*Activity*: Beginning at the line that contains "Echa un vistazo" and finishing at the line that contains "burgbad Badu Spiegelschrank", output the data below exactly. Include both end lines and no pictures.

*Data to examine*:
★ ★ ★ ★ ★ ★ ★

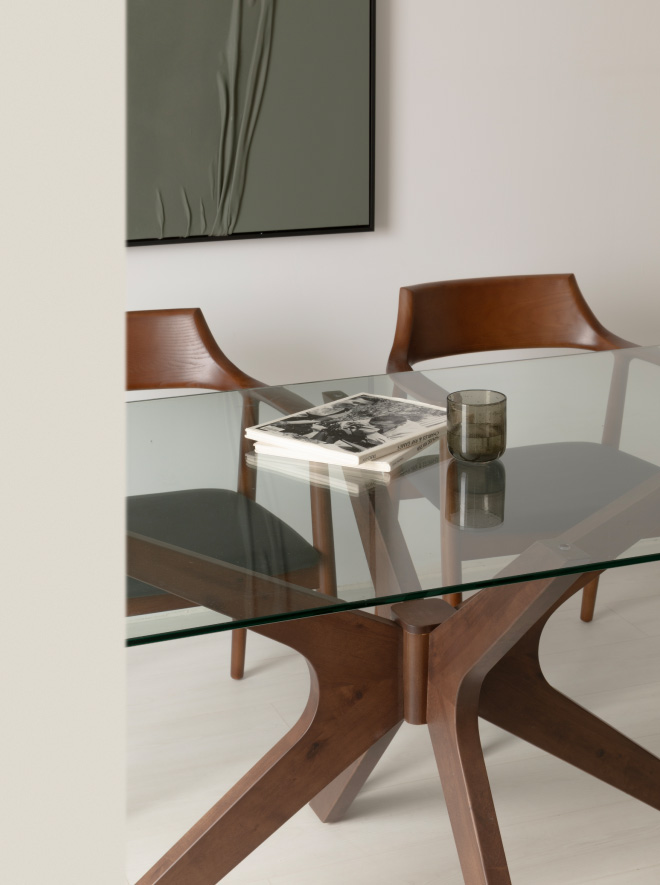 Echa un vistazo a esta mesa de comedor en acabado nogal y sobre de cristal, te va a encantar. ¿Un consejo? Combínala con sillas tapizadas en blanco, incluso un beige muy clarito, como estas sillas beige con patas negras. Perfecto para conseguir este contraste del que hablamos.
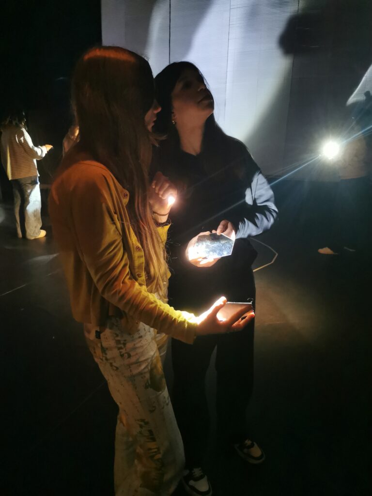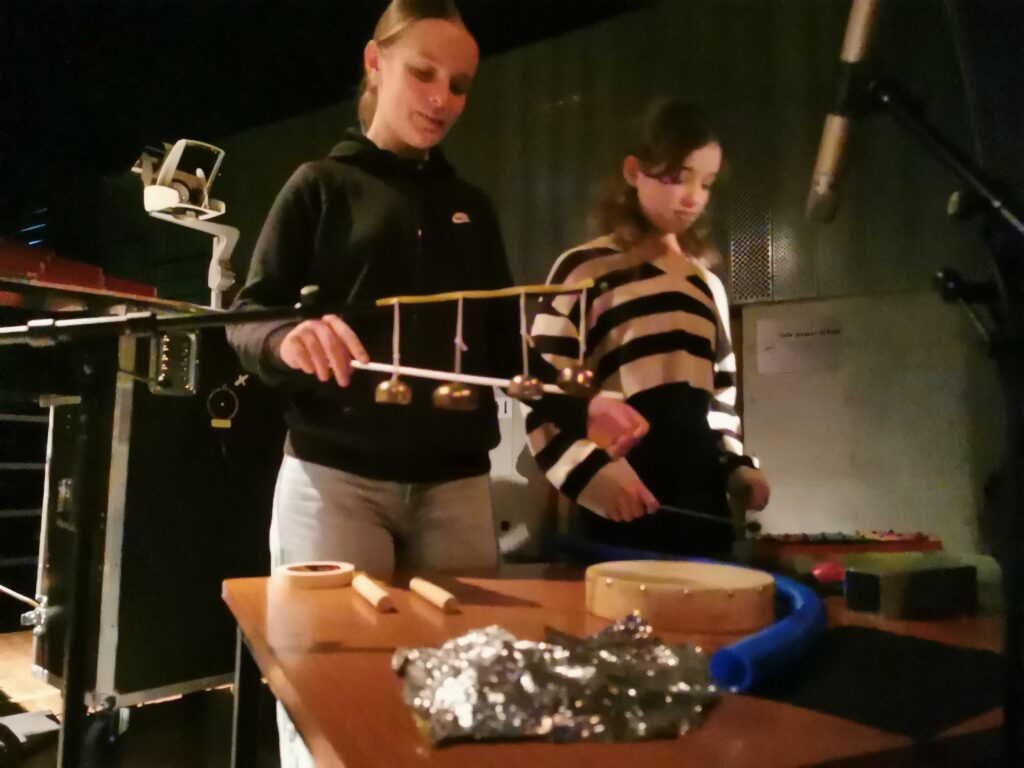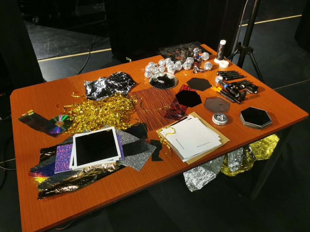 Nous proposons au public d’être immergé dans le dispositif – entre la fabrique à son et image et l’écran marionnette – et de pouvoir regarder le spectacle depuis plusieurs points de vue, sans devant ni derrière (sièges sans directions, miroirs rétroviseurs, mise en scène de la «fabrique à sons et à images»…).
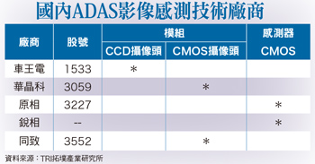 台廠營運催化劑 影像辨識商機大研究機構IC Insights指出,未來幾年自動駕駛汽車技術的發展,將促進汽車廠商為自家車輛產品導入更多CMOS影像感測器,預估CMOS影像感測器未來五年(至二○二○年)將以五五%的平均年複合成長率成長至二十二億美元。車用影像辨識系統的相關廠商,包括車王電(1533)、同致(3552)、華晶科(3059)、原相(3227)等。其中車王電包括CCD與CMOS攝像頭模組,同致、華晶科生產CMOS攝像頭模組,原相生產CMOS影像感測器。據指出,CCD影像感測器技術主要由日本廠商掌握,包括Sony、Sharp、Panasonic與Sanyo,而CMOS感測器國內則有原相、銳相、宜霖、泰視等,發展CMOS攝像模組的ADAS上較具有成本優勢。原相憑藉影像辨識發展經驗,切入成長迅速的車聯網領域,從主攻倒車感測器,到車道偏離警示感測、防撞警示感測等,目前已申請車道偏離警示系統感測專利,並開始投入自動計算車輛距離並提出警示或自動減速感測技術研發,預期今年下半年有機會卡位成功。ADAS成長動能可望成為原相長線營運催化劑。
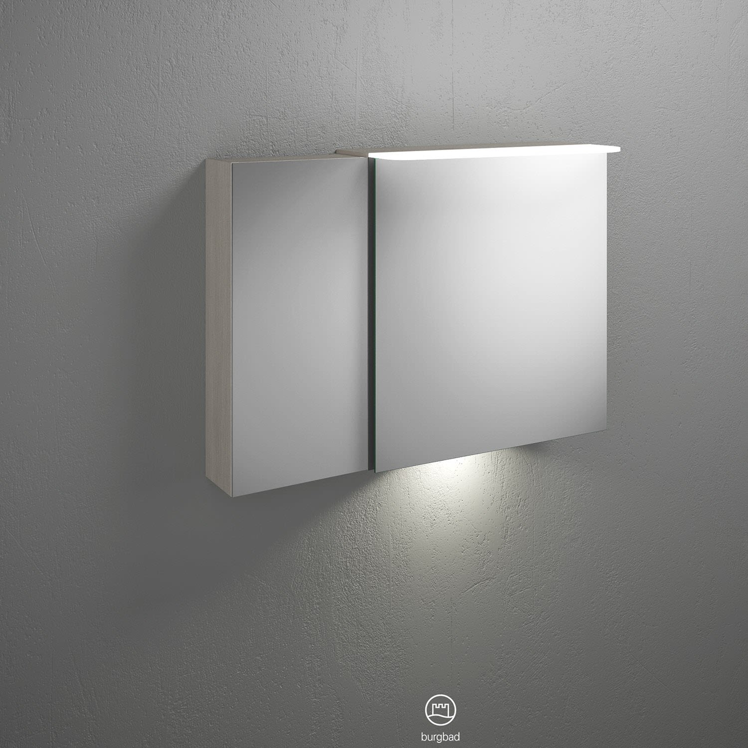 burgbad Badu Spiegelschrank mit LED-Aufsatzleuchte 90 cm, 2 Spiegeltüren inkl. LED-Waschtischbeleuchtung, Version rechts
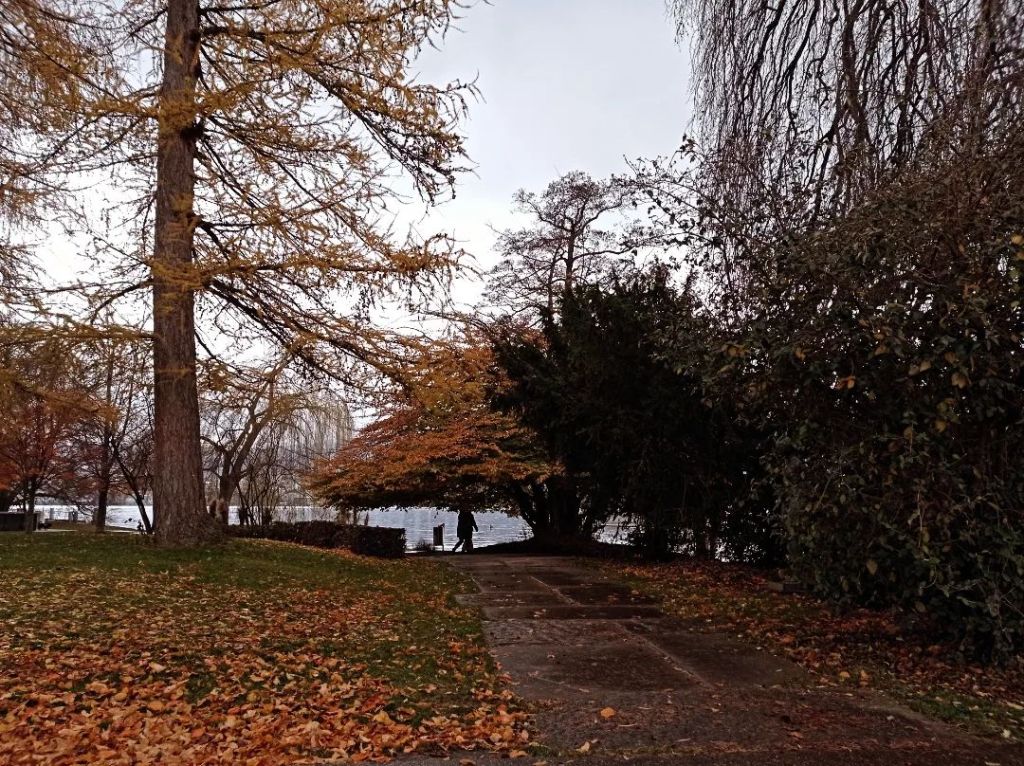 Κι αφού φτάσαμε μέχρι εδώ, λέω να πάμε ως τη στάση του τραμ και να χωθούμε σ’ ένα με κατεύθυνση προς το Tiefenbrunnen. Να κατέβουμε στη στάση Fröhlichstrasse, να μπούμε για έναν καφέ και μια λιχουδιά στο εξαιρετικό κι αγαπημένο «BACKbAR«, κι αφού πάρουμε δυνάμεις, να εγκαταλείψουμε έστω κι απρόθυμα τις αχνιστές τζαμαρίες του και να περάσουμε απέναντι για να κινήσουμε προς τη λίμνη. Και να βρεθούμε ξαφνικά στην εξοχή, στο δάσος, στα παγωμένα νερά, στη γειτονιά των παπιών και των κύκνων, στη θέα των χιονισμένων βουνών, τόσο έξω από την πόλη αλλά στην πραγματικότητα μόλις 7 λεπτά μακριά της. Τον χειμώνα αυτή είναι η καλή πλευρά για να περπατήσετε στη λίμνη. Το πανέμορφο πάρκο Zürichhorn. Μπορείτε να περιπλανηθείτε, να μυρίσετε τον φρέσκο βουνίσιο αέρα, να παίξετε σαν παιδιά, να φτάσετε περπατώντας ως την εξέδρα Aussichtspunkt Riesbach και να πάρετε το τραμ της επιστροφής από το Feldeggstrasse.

★ ★ ★ ★ ★ ★ ★

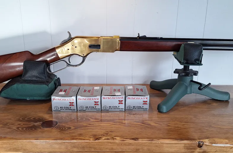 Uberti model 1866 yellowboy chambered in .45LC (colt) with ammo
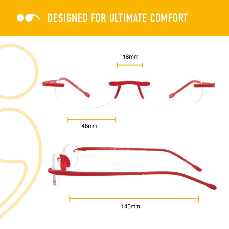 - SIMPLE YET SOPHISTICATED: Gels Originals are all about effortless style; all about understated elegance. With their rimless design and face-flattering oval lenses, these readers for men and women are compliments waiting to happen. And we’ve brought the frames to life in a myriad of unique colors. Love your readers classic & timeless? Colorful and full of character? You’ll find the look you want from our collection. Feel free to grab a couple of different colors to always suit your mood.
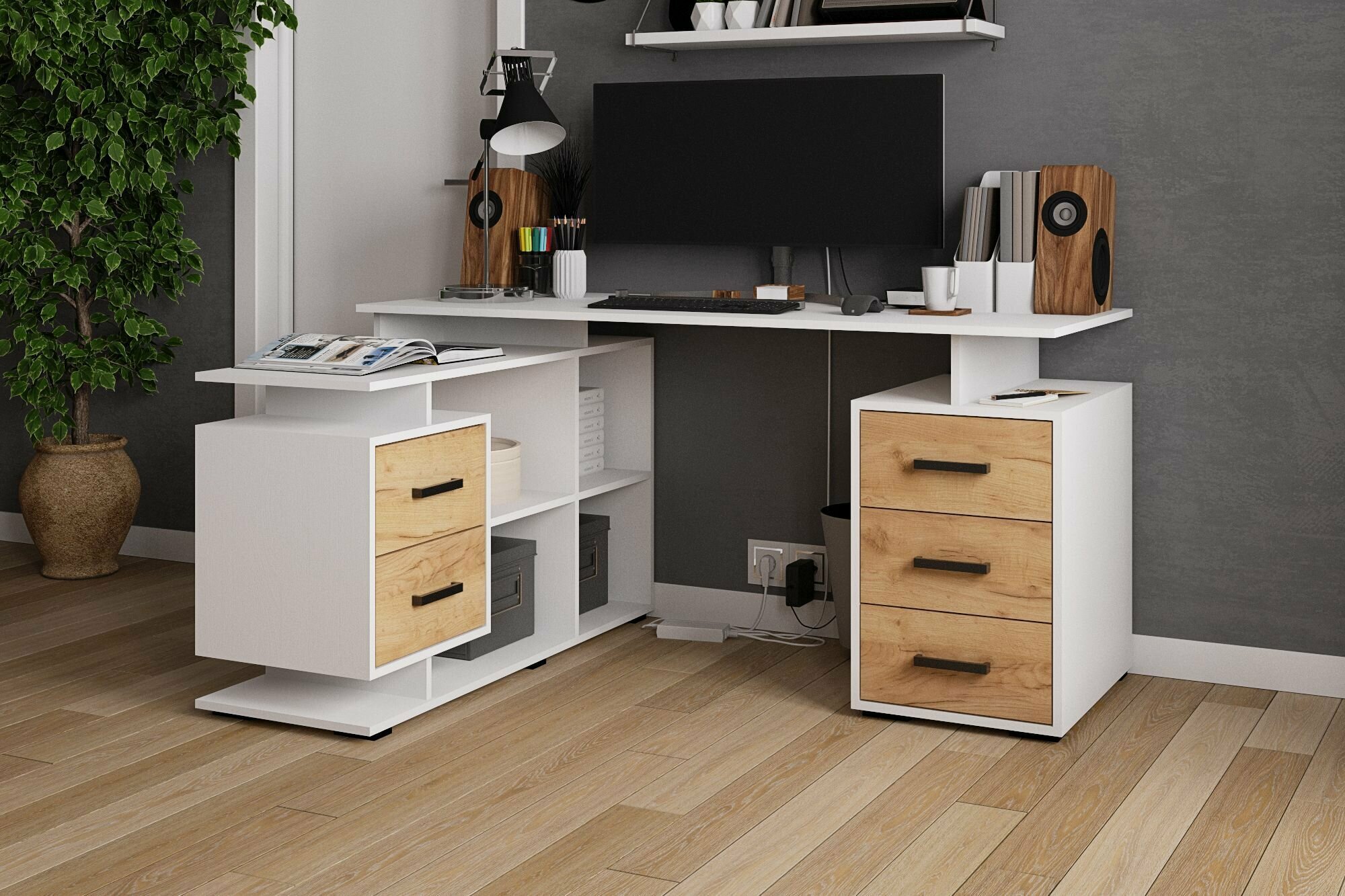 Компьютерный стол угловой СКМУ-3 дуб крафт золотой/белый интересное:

★ ★ ★ ★ ★ ★ ★

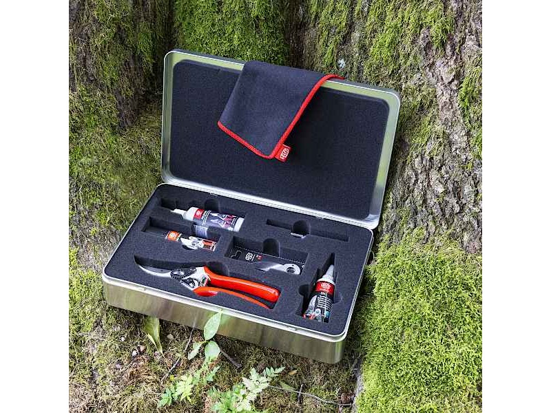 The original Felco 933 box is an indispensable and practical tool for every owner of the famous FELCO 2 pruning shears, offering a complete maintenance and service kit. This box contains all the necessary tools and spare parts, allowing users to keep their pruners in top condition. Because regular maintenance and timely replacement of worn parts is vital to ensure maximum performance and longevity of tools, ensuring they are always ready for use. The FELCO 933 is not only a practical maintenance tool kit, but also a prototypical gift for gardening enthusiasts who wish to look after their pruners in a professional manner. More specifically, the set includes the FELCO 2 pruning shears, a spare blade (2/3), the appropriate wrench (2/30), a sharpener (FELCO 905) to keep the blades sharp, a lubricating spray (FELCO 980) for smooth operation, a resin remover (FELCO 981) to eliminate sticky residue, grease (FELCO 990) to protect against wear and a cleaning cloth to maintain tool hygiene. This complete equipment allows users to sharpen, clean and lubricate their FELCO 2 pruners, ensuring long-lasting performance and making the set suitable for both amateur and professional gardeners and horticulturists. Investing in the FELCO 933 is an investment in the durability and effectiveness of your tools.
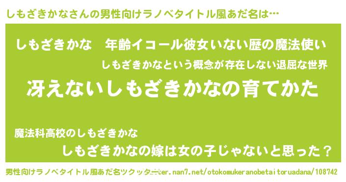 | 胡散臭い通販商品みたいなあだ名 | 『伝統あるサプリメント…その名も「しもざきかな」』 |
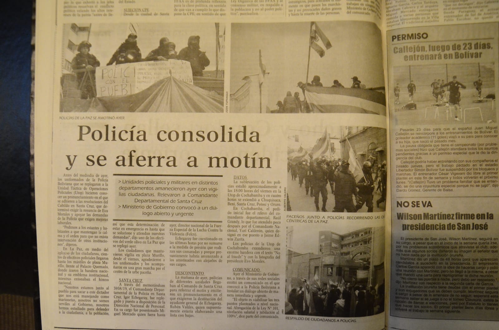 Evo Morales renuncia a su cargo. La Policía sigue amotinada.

★ ★ ★ ★ ★ ★ ★

*Response for this exercise*:
 Echa un vistazo a esta mesa de comedor en acabado nogal y sobre de cristal, te va a encantar. ¿Un consejo? Combínala con sillas tapizadas en blanco, incluso un beige muy clarito, como estas sillas beige con patas negras. Perfecto para conseguir este contraste del que hablamos.
 Nous proposons au public d’être immergé dans le dispositif – entre la fabrique à son et image et l’écran marionnette – et de pouvoir regarder le spectacle depuis plusieurs points de vue, sans devant ni derrière (sièges sans directions, miroirs rétroviseurs, mise en scène de la «fabrique à sons et à images»…).
 台廠營運催化劑 影像辨識商機大研究機構IC Insights指出,未來幾年自動駕駛汽車技術的發展,將促進汽車廠商為自家車輛產品導入更多CMOS影像感測器,預估CMOS影像感測器未來五年(至二○二○年)將以五五%的平均年複合成長率成長至二十二億美元。車用影像辨識系統的相關廠商,包括車王電(1533)、同致(3552)、華晶科(3059)、原相(3227)等。其中車王電包括CCD與CMOS攝像頭模組,同致、華晶科生產CMOS攝像頭模組,原相生產CMOS影像感測器。據指出,CCD影像感測器技術主要由日本廠商掌握,包括Sony、Sharp、Panasonic與Sanyo,而CMOS感測器國內則有原相、銳相、宜霖、泰視等,發展CMOS攝像模組的ADAS上較具有成本優勢。原相憑藉影像辨識發展經驗,切入成長迅速的車聯網領域,從主攻倒車感測器,到車道偏離警示感測、防撞警示感測等,目前已申請車道偏離警示系統感測專利,並開始投入自動計算車輛距離並提出警示或自動減速感測技術研發,預期今年下半年有機會卡位成功。ADAS成長動能可望成為原相長線營運催化劑。
 burgbad Badu Spiegelschrank mit LED-Aufsatzleuchte 90 cm, 2 Spiegeltüren inkl. LED-Waschtischbeleuchtung, Version rechts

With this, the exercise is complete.